La stratégie du bâton de pèlerin est la stratégie de communication la plus efficace car, non seulement elle fait découvrir à un grand nombre de lycéens (plus qu’on ne le pense sans doute) l’existence des CPGE, mais en plus, elle permet de lutter contre les fausses croyances au sujet de ces formations. Les classes préparatoires sont encore trop souvent associées à une formation très élitiste socialement, fondée sur une hyper compétition de chacun contre chacun, où seuls les meilleurs réussiraient et tous les autres échoueraient. Ces représentations sont partagées par un nombre non négligeable de lycéens, leurs parents, mais aussi par des enseignants. Rien de mieux alors qu’une intervention dans un lycée, préparée en amont par les enseignants de l’établissement, pour battre en brèche ces représentations.

Il faut faire comprendre que peu (voire aucune à notre connaissance) de classes préparatoires correspondent à ce modèle et, encore moins, les classes préparatoires de proximité. Elles sont mêmes génétiquement à l’opposé de ces représentations car, dès l’origine, les classes préparatoires de proximité ont été conçues pour démocratiser l’accès à cette formation et aux grandes écoles. Casser ces représentations constitue un exercice difficile puisqu’elles sont déjà solidement ancrées. De plus, il faut trouver un point d’équilibre dans le discours entre, d’un côté, la nécessité de rassurer les étudiants sur la bienveillance des classes préparatoires de proximité, le suivi individualisé et, d’un autre côté, l’affirmation des exigences académiques de la formation pour maximiser les chances de réussite aux concours.
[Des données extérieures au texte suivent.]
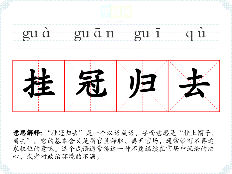 “挂冠归去”是一个汉语成语,字面意思是“挂上帽子,离去”。它的基本含义是指官员辞职、离开官场,通常带有不再追求权位的意味。这个成语通常传达一种不愿继续在官场中沉沦的决心,或者对政治环境的不满。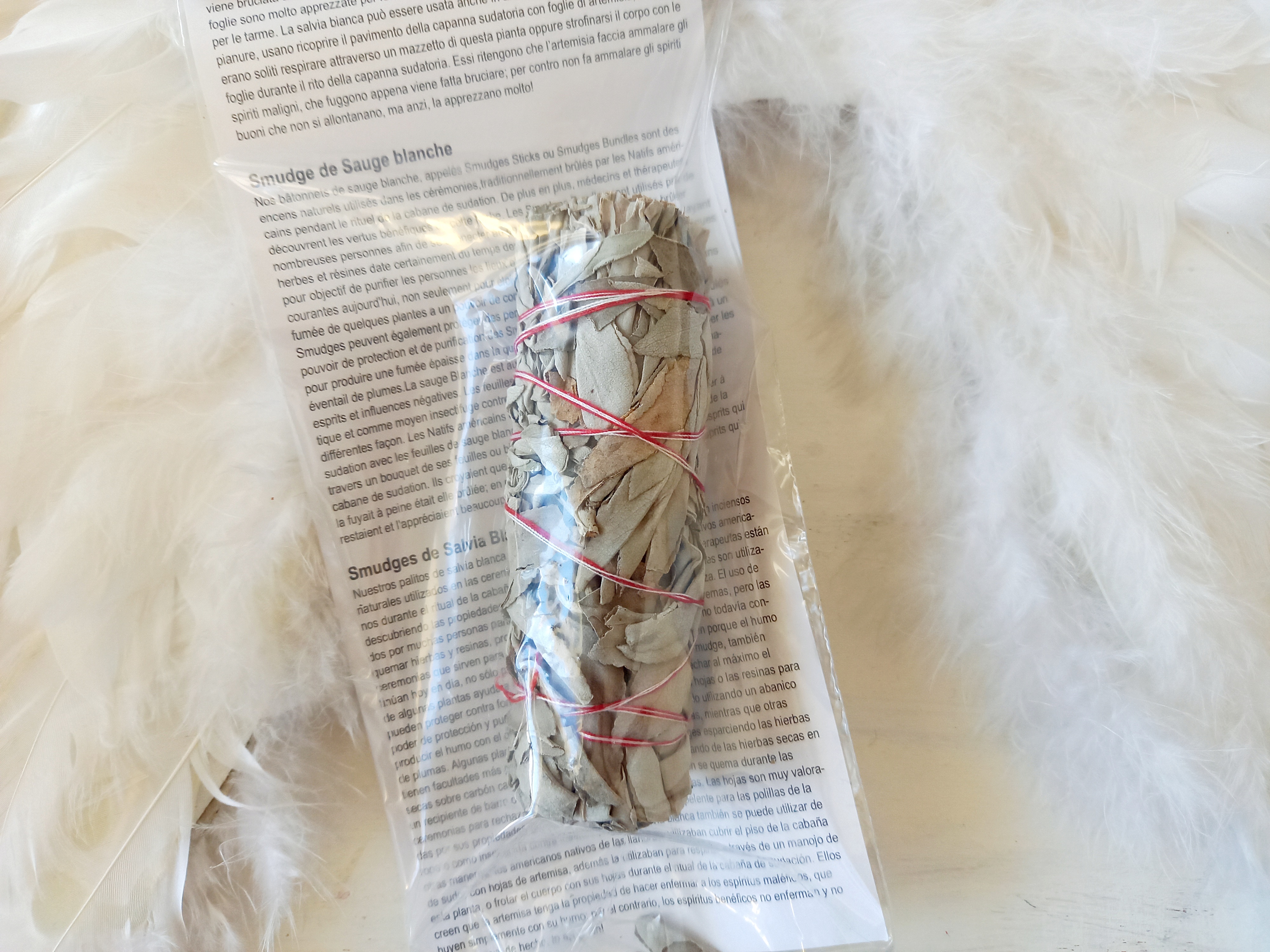 Hierbei handelt es sich um durch und durch natürliche White Sage Smudge Sticks oder Weißer Salbei Bündel, wie sie traditionell bei Räucherzeremonien der Ureinwohner Amerikas verbrannt werden, z.B. in Schwitzhütten. Zunehmend entdecken auch Ärzte, Therapeuten und alle, die beruflich um das Wohl des Körpers bemüht sind, den segensreichen Aspekt dieser Kräuter. Diese Kräuterbündel geben uns überall auf der Welt die Möglichkeit, uns wieder mit der Kraft von Mutter Erde zu verbinden. Der Gebrauch von Pflanzen- und Harzrauch stammt wohl aus uralten Zeiten, als die ersten Feuer in den Höhlen brannten. Die Zeremonie Menschen, Orte und Dinge mithilfe von Rauch zu reinigen hat sich bis heute erhalten. Insekten werden durch den Rauch ferngehalten; und bestimmte Formen des Räucherns machen Lebensmittel und Vorräte haltbar. Darüber hinaus können manche Räucherstoffe Schutz vor unsichtbaren Geistern und negativen Gedanken gewähren. Um die reinigende und beschützende Kraft eines Räucherwerks zu entfalten, wird ein Blatt oder Harz erhitzt und sein Rauch über die Person oder ein Objekt gefächelt, oft mit einem Federfächer. Manchen Pflanzen wird dabei eher eine heilende Wirkung, anderen eine Kraft spendende zugesprochen.Der Weiße Salbei wird traditionell bei Zeremonien benutzt und wird in Medizinbeuteln und Bündeln verwahrt. Darüber hinaus werden die Blätter wegen ihres starken Aromas geschätzt, das sie auch zum natürlichen Mottenschutz macht.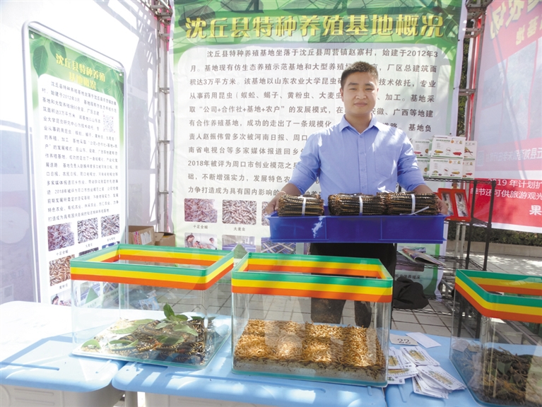 9月22日,沈丘縣舉辦第一個(gè)中國農(nóng)民豐收節(jié)慶?;顒?dòng),來自全縣22個(gè)鄉(xiāng)鎮(zhèn)(辦事處)的35家農(nóng)民種植、養(yǎng)殖合作社和家庭農(nóng)場,展示了槐山藥、黃金梨、冬棗、木瓜、“袖珍”黃瓜、活體蜈蚣、蝎子等120余個(gè)品種。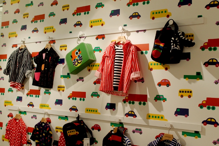 Pour commencer, la boutique est hyper classe avec la collection à venir. Normal, me direz-vous. Tout donne envie, jusqu’au papier peint pour les enfants. Les poufs, la vaisselle, les mugs, les mètres de tissus, etc. Je me souviens encore de l’expression de mon regard quand je montrais avec joie toute nouvelle découverte à Cyp et que celui-ci ne faisait que répéter: « gnagnagna, tu verras bien, c’est toi qui portera, je te rappelle que ton sac pèse déjà 14kg, gnagnagna, je ne dis pas non mais.. non. »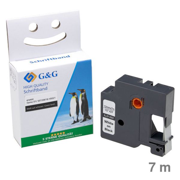 G&G Schriftband, wie Dymo 45021 schwarz / weiß 12 mm x 7 m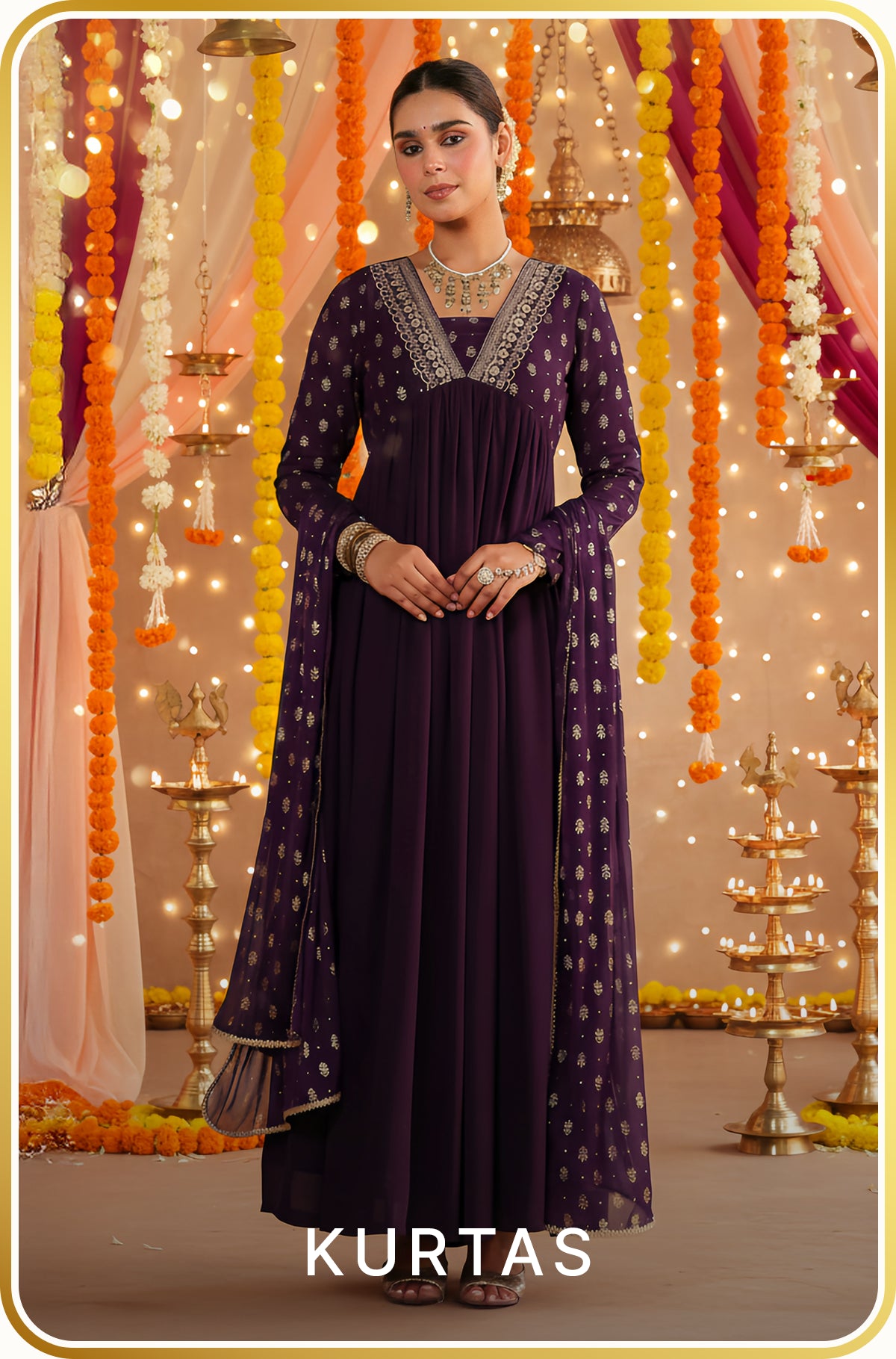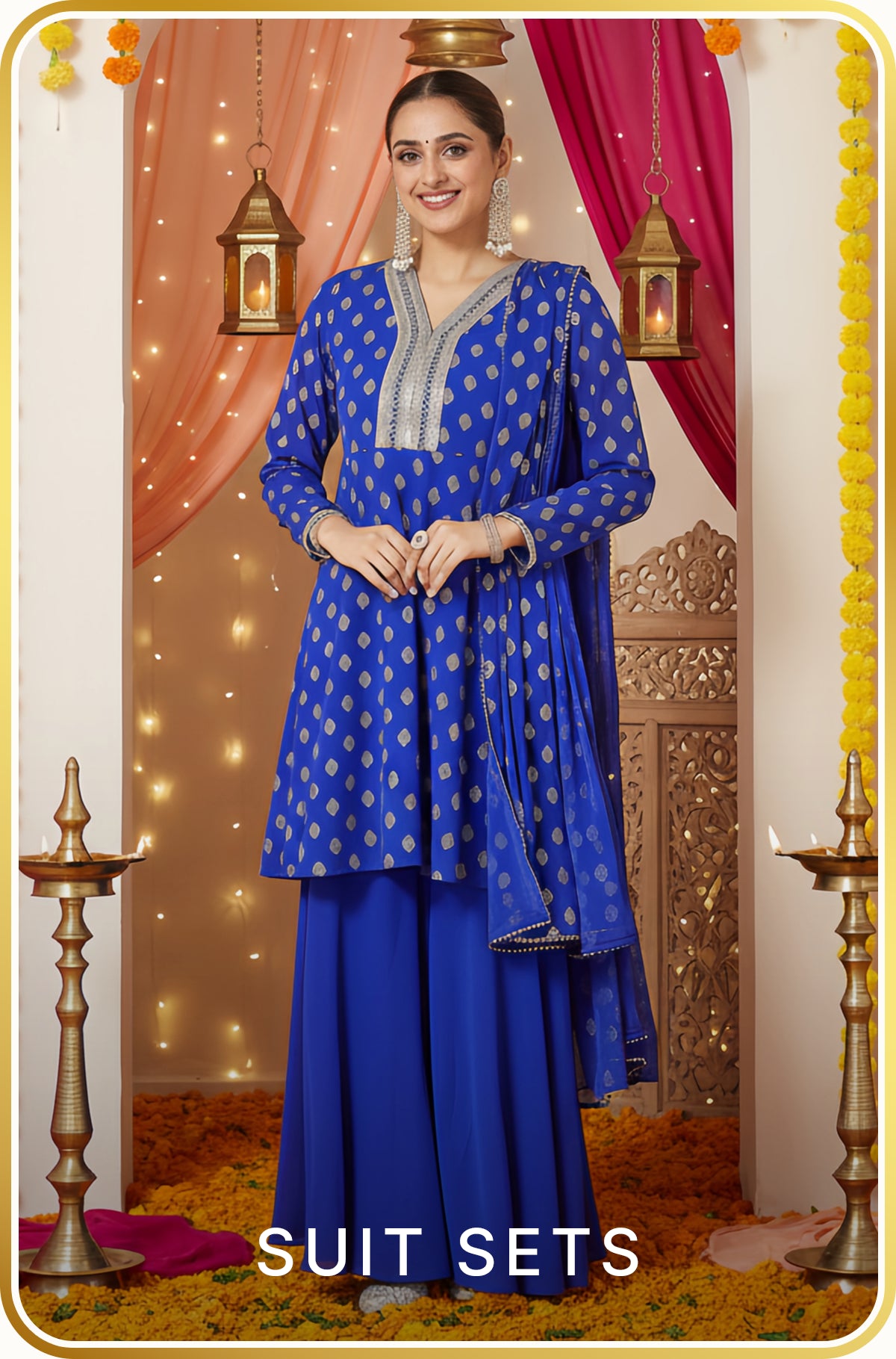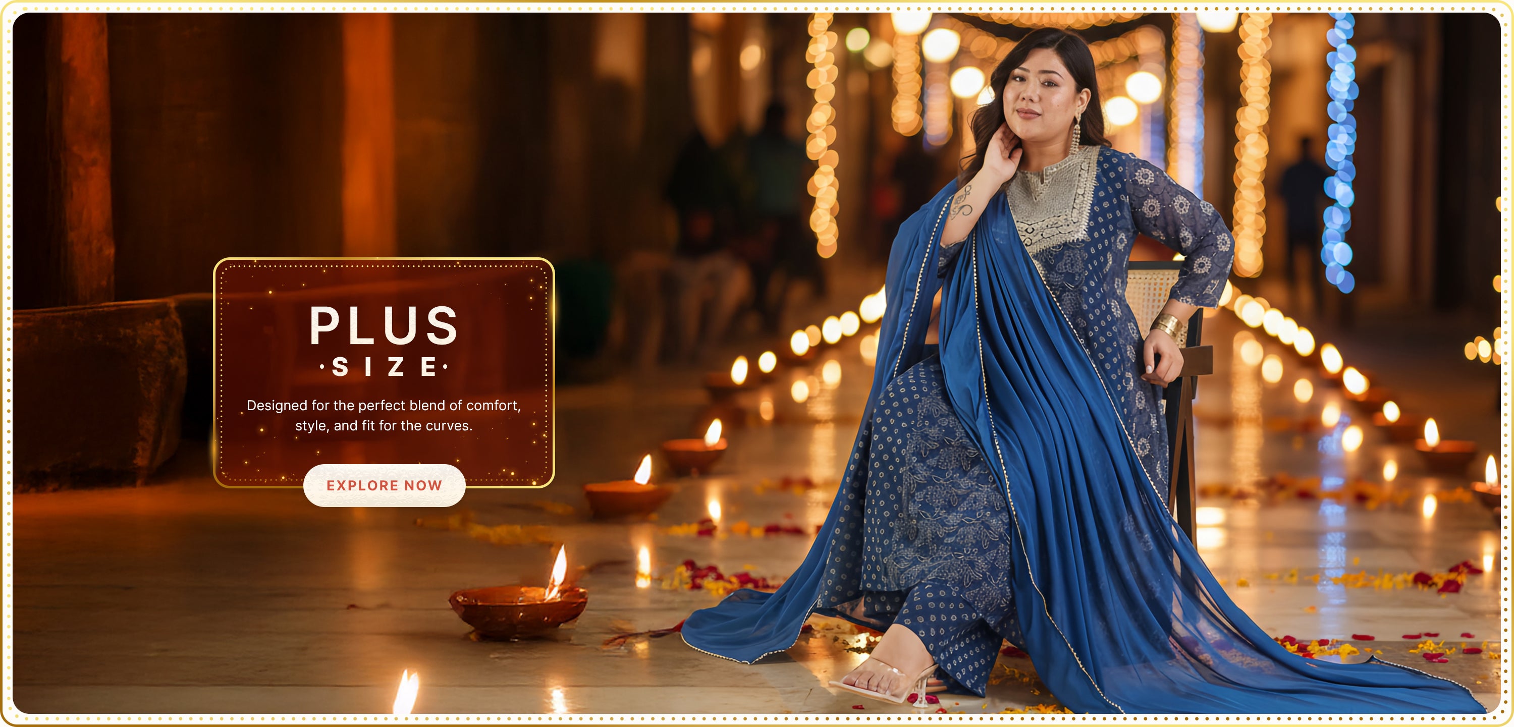 Janasya Women's Plus Size Dark Blue Georgette Ajrakh Printed Embellished Anarkali Kurta Set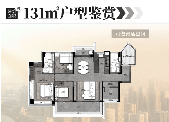 建面约 123㎡打造 4 + 1 房,四开间朝南,6.5 米双面宽景观阳台,采光通风俱佳。“魔方空间” 灵活多变,设备空间、厅卧可改造,厅卧合并能成约 62㎡ LDKG 大方厅。该户型还可南望海珠湿地公园,享稀缺景观。约 131㎡户型入户拐角玄关设计,南北对流双阳台,南向阳台长约 7.5 米,LDKG 一体化设计拓展生活场景,主套 L 型衣帽间与环幕大飘窗,提升居住体验。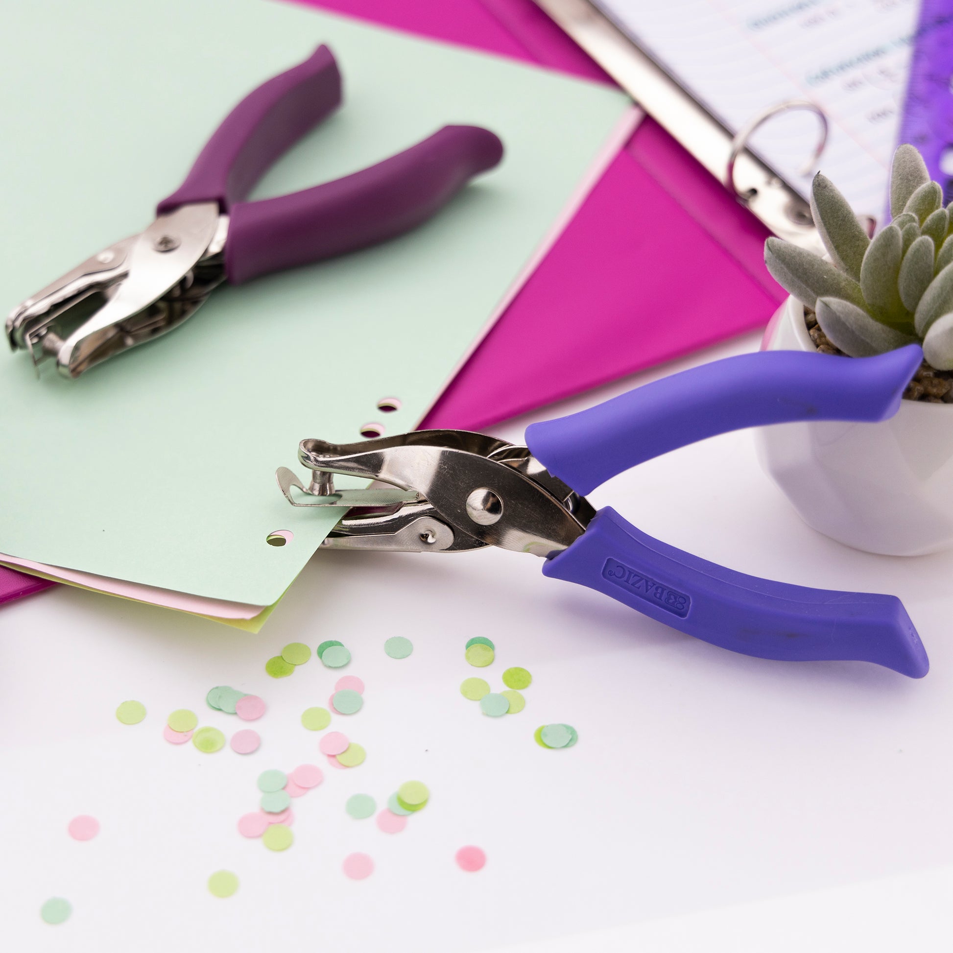 - USES. Ideal for school, home and office. Use on paper, plastics, cardboard and more! Great for scrapbooks, card making, confetti, invitations and all paper crafts.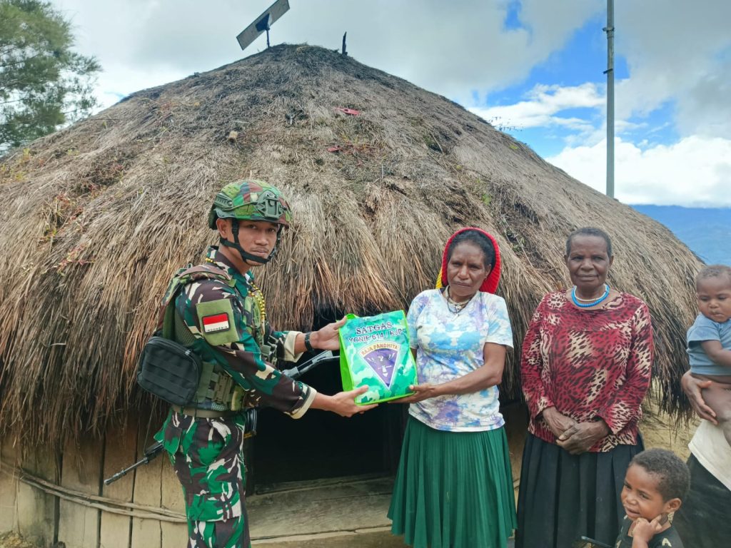 LANNY JAYA – Sebagai wujud kepedulian terhadap masyarakat binaan, Satgas Yonif 614/RJP Pos Popome melaksanakan Anjangsana dan Bagikan sembako ke Honai masyarakat kampung Popome, Distrik Mokoni, Kabupaten Lanny Jaya, Papua Pegunungan, Selasa (17/6/2025).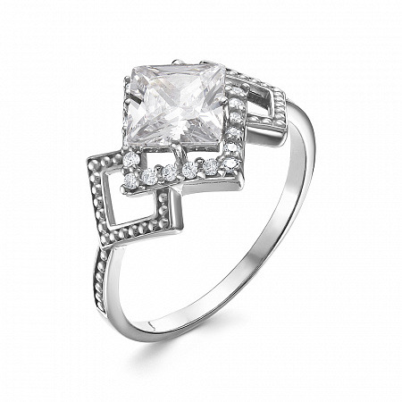Кольцо с фианитом родированное серебро 925*
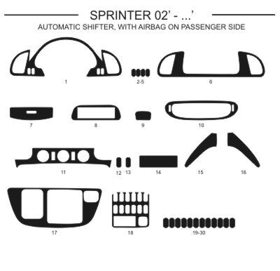 Dekor interiéru Mercedes Sprinter, 2000-2005, automatické řazení, s airbackem ON spolujezdce, modrý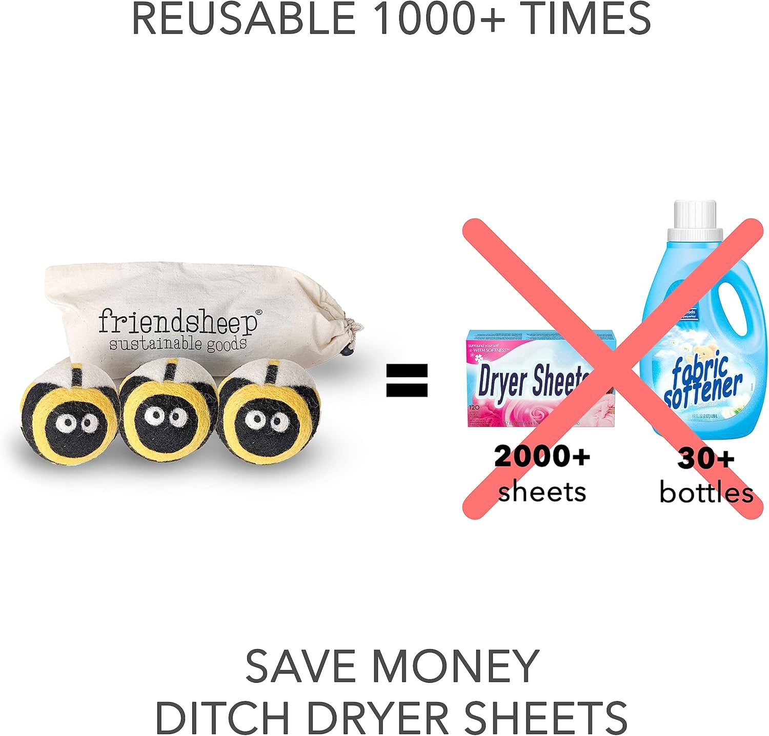 Friendsheep Wool Dryer Balls, Organic Reusable Fabric Softener Alternative for Laundry, Handmade, Fair Trade, Hypoallergenic, Eco-Friendly, Plastic-Free (3 Pack XL – Honey Bee)
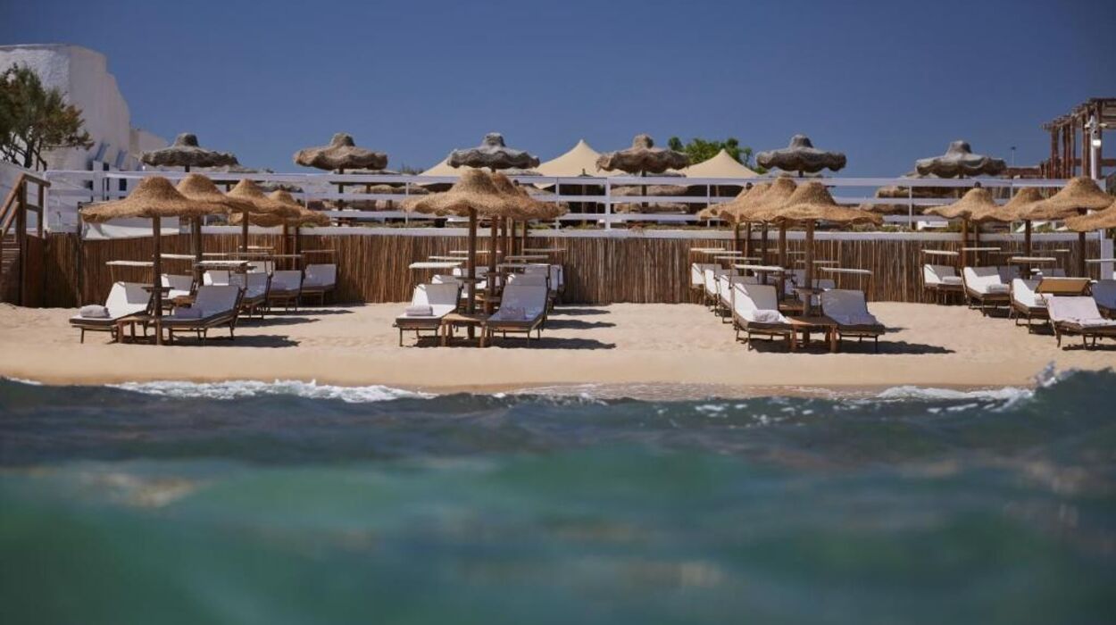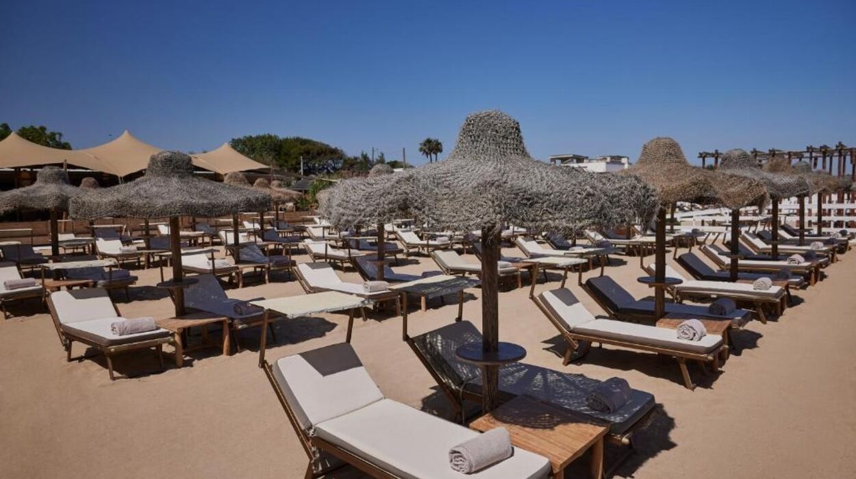 La piscine extérieure est entourée de pergolas et de transats confortables. Une navette vous conduit au beach club privé à Capitolo, pour une journée exclusive entre sable, mer et service raffiné.

Ces deux discours apparaissent comme antagonistes pour les élèves : si le discours sur la bienveillance est trop marqué, les élèves auront tendance à penser que cette classe préparatoire de proximité est une « sous-classe préparatoire » ; si le discours sur l’exigence académique ressort trop, le risque est de conforter les élèves dans leurs représentations élitistes des classes préparatoires et de ne pas pouvoir les recruter. Dans les faits, ces deux réalités se complètent l’une et l’autre : le suivi individualisé des étudiants dans les classes préparatoires de proximité les aide à s’épanouir, progresser et mieux réussir aux concours.

Présenter toutes les solutions

Une autre représentation, plus spécifique à la filière économique et commerciale, et compliquée à désamorcer porte sur le coût des études. Contrairement à la précédente représentation, celle-ci se fonde sur réalité tangible : les frais de scolarité dans les grandes écoles de commerce sont effectivement très élevés. En 2019, il faut compter en moyenne 40 313 euros pour financer l’intégralité de la formation et ces frais ont augmenté de 73% en 10 ans[6]. Cet argument dissuasif pour les élèves est particulièrement difficile à nuancer lorsqu’on fait la promotion d’une classe préparatoire de proximité auprès d’élèves issus de milieux modestes (et classes moyennes). C’est notamment le cas au lycée Olympe de Gouges dont le bassin de recrutement se trouve principalement en Seine-Saint-Denis. On présente alors les différentes solutions de financement : le crédit bancaire remboursable à partir du moment où l’étudiant trouve un emploi ; l’alternance pour que l’entreprise prenne en charge les frais de scolarité et verse une indemnité ; les écoles qui parfois proposent des frais de scolarité réduits voire nulles pour les boursiers ; avoir un « petit job » pendant les études, etc.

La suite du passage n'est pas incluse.